Monkey’s Secret

As with all good things, so also did my supply of Western deodorant come to an end seven months after I arrived here with a small drugstore’s worth of Secret Invisible Baby Powder zip locked in the toiletries compartment of my suitcase. So, brimming with the usual joy of going in search for one more thing I had no clue how to ask for (and had been warned would be tricky to get my hands on), I entered my neighborhood supermarket. I was hopeful though, because I had vague recollections of spotting the wonder sticks in certain shops, specifically those targeted towards foreigners.

What I was in denial of: my neighborhood supermarket is not targeted towards foreigners.
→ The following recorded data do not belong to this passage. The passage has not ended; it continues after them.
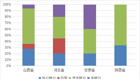 以中西部省份毕业生就业状况来看,不同生源地的毕业生就业形式如图2.2所示。以生源地为山西省、河北省的毕业生为例,山西籍毕业生灵活就业率达到57.88%、协议就业人数占山西省籍毕业生总数的27.76%、升学比例达到8.00%、未就业为6.35%;河北籍毕业生灵活就业率为35%、协议就业人数占河北省籍毕业生总数的20%、升学比例达到25%,、未就业占20%。从签约率与升学率来看,河北省籍的毕业生要显著好于山西省籍的毕业生,而山西省籍的毕业生灵活就业率要远高于河北省,体现出了非常明显的灵活就业地域选择性。甘肃省的毕业生未就业率最高,而陕西省的毕业生未就业率最低,且大部分毕业生选择灵活就业的形式。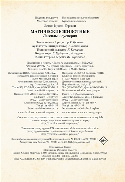Представьте себе: ночное небо озаряет огненное дыхание дракона, в лесу эхом разносится уханье совы, а мимо вашего окна бесшумно скользит черный кот... Что объединяет всех этих животных? Они всегда сопровождали человечество как обладатели потусторонней силы, помощники магов, герои легенд и мифов. Внутри этого старинного сборника вы найдете уникальные иллюстрации и фантастические истории множества удивительных зверей, каждое из которых прольет свет на тайны и колдовские ритуалы мрачного Средневековья... Вам предстоит отправиться в захватывающее путешествие, полное леденящих душу открытий, и познать мистическую силу легендарных созданий.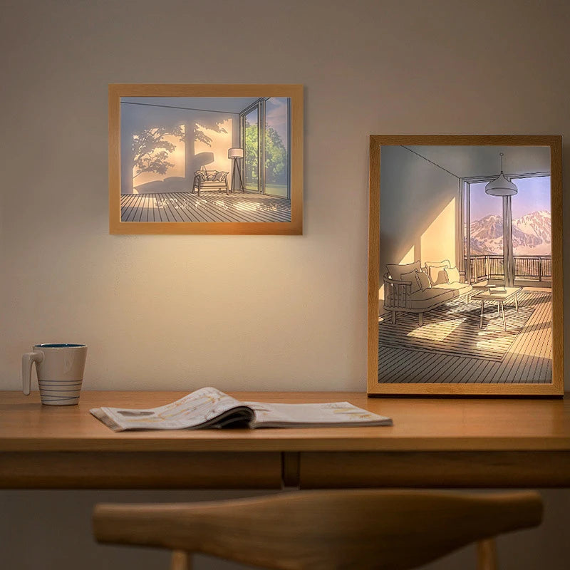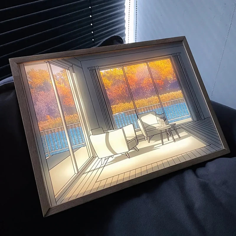 Sumérgete en el fascinante brillo de nuestro Cuadro de Arte Iluminado. Con su luz del sol simulada y su diseño contemporáneo, este cuadro cautiva los sentidos y crea una atmósfera acogedora.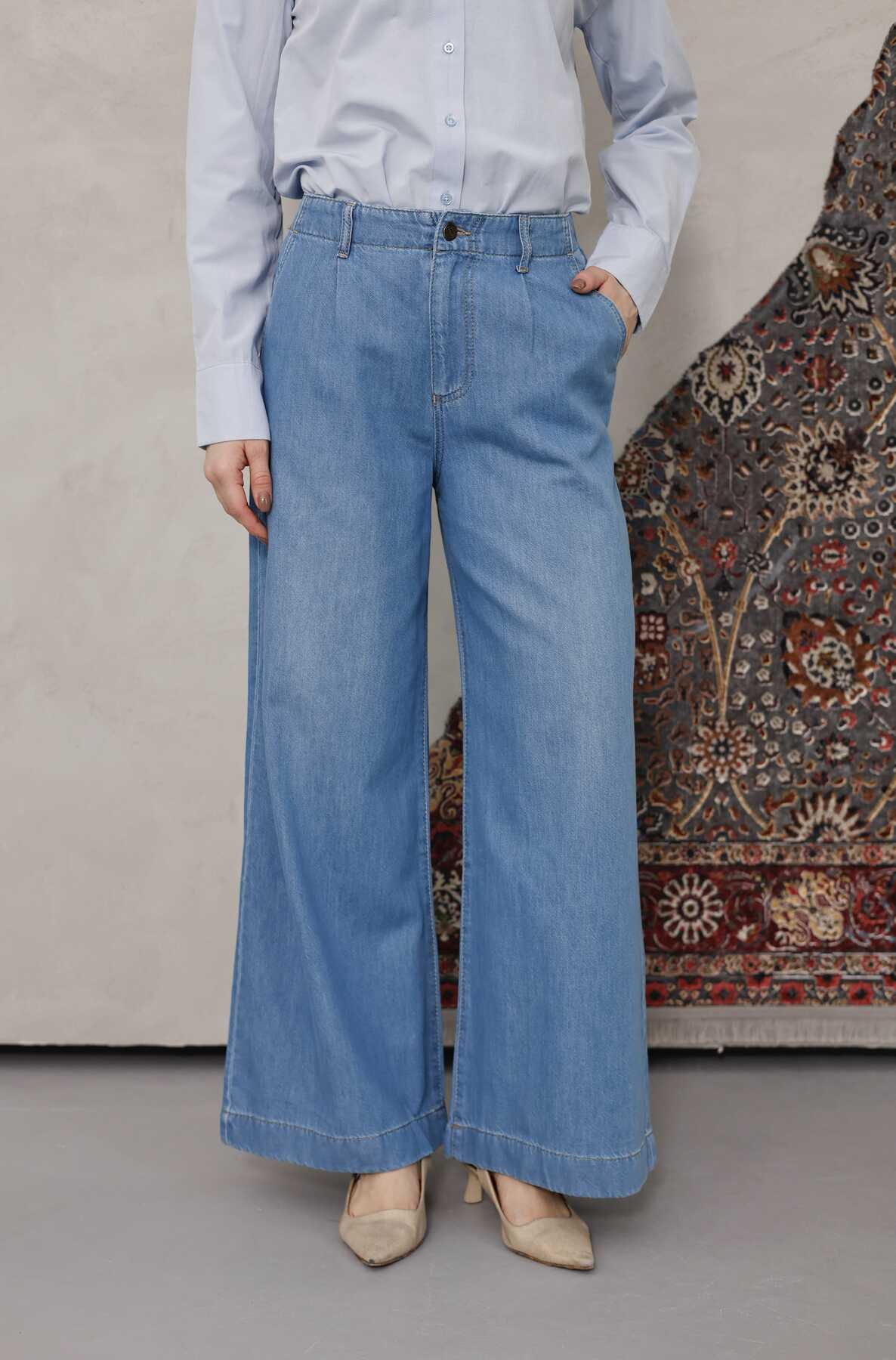 - Ürün Adı : 1164-Pileli Denim Pantolon Mavi

A quick glance up and down the toiletries aisle. Result: nada. On a normal day I would have gone back to scraping the bottom of my last stick of Secret for all its’ worth. But the new school term had just started, none of my students had shown themselves to be psychopaths (yet, I know). So I was feeling perky, upbeat, risque. Why not, said I, go the extra mile, actually acknowledge the attendant perched on a stool at the far end of the aisle, beaming with a desire to ease your life (give her a story to tell her family over dinner, I know).

Smelling opportunity, she said this-that-and-god-knows-what to me in Chinese.
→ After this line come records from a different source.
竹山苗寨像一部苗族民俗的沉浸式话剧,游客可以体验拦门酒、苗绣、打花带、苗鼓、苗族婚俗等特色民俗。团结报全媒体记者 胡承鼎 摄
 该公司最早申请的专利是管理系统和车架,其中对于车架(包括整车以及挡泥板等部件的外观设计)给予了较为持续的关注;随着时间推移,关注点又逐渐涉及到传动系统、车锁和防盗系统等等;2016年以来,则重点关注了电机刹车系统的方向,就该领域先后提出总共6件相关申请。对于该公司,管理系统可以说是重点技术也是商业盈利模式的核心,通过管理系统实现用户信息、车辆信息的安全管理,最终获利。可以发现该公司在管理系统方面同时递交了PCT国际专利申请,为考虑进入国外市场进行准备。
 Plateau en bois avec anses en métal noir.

My response? Raising my left arm high above my head, rounding my right hand as if holding the desired object in its imaginary/invisible form and proceeding to move it in an up-and-down motion over my left armpit, applying said imaginary/invisible deodorant, all the while maintaining a flustered look on my face, to mean “Where is it? Where is this thing (deodorant) that I would put in this place (armpit)?”

My monkey-act got no love from her. She just hurled out some more Chinese, from which I recognized one word: “mei-o” = don’t have.

I smiled politely and resumed dumbly walking up and down the aisle, squinting (cutely, I hoped), willing the stuff to materialize. By then the first attendant had yammered some more Chinese to her colleague way at the other end of the supermarket – and small supermarket it was not – who marched over to my aisle.

Act two of Monkey-Fondles-Armpit followed.

Her response? Showing me perfume. “No.” said Monkey, and decided to improve on the act. Monkey pinched nose, scrunched face like there was a horrible funk somewhere, and then swiped hand up and down armpit – vigorously. This time she definitely understood. In no uncertain tone: “MEI-O”.

Just as Monkey walked away, finally defeated and in disbelief, she picked up and offered the consolation of a bottle of lotion. Monkey lingered a second over the yummy yellow of the bottle, but declined.